**Goal of the exercise**
Set down, word for word, every line of the material below from the one containing "四川康藏路橋有限責(zé)任" through the one containing "Things like recovery", but none of its pictures.

:: Extracted information

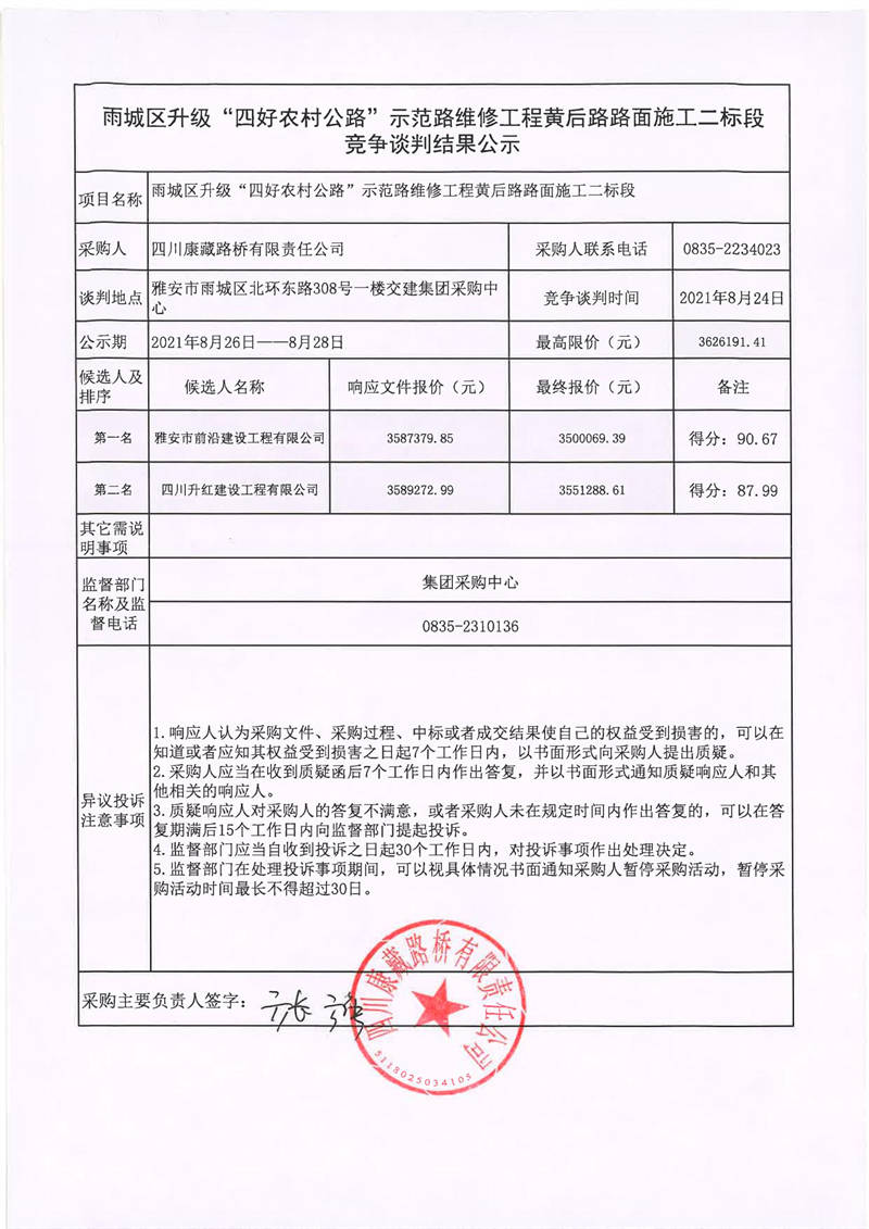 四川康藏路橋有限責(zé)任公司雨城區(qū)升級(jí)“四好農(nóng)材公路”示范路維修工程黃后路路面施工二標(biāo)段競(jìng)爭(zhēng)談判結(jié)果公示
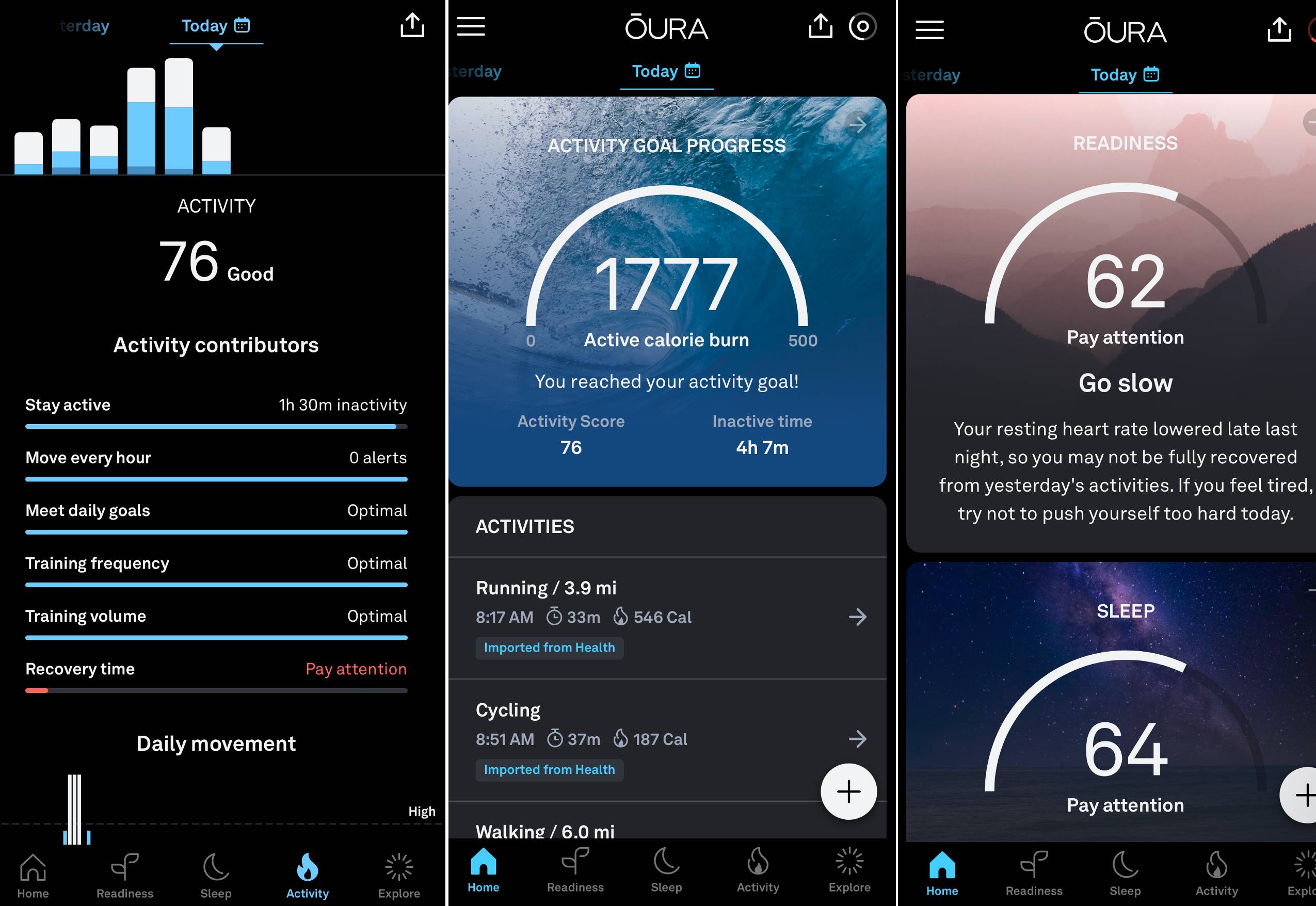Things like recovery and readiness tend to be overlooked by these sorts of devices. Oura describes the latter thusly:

::::
:: Extracted information

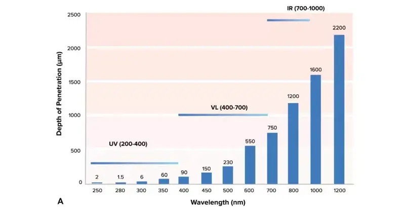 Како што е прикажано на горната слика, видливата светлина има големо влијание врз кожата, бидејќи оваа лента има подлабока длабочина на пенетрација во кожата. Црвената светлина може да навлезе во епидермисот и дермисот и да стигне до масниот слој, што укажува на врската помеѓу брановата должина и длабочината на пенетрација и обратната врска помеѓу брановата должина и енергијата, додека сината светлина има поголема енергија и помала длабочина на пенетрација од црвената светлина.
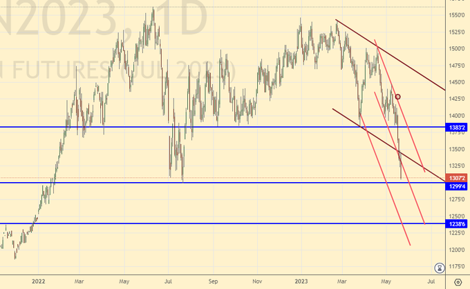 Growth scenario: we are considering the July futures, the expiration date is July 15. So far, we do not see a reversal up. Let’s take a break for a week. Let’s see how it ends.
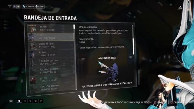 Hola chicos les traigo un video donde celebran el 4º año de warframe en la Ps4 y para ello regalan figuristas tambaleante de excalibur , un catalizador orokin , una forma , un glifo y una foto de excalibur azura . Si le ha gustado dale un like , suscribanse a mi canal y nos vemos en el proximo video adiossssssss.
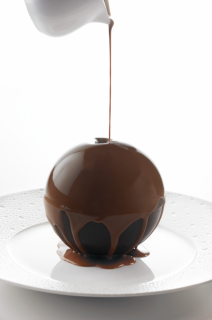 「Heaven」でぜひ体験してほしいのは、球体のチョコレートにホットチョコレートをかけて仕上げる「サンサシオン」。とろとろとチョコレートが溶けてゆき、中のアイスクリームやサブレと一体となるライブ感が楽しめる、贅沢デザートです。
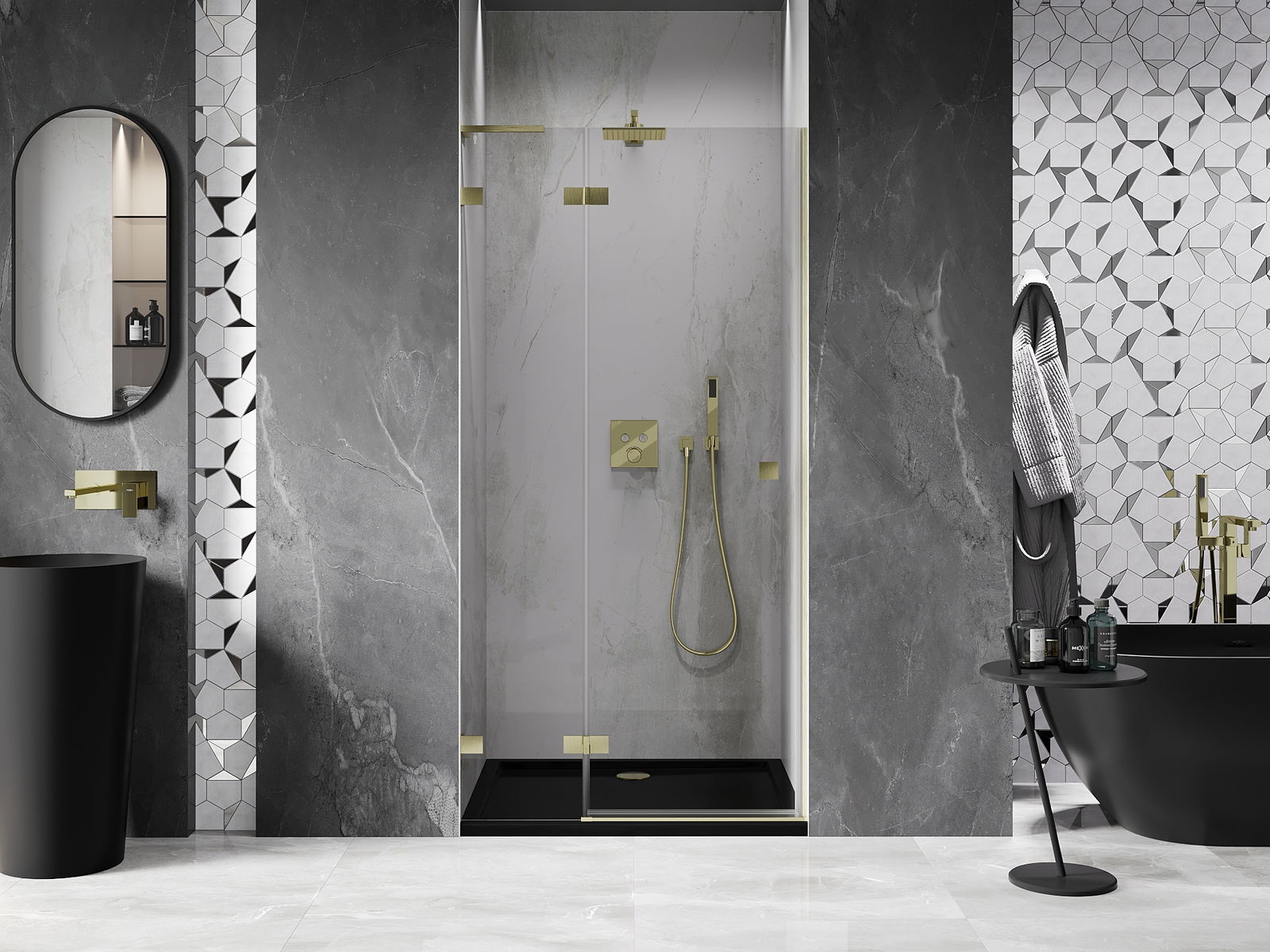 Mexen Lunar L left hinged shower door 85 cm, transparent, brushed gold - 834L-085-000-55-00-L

::::
:: Extracted information

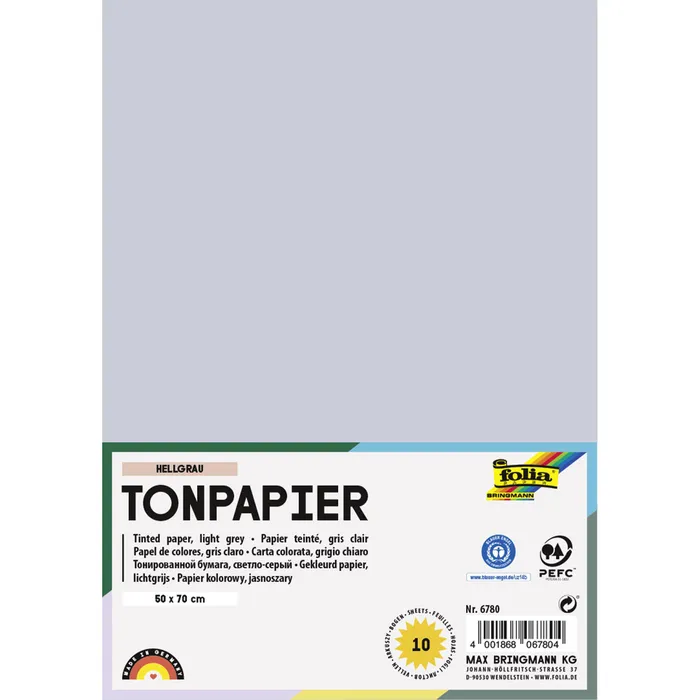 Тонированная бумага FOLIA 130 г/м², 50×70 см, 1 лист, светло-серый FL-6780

::::

**Answer area**
 四川康藏路橋有限責(zé)任公司雨城區(qū)升級(jí)“四好農(nóng)材公路”示范路維修工程黃后路路面施工二標(biāo)段競(jìng)爭(zhēng)談判結(jié)果公示
Things like recovery and readiness tend to be overlooked by these sorts of devices. Oura describes the latter thusly:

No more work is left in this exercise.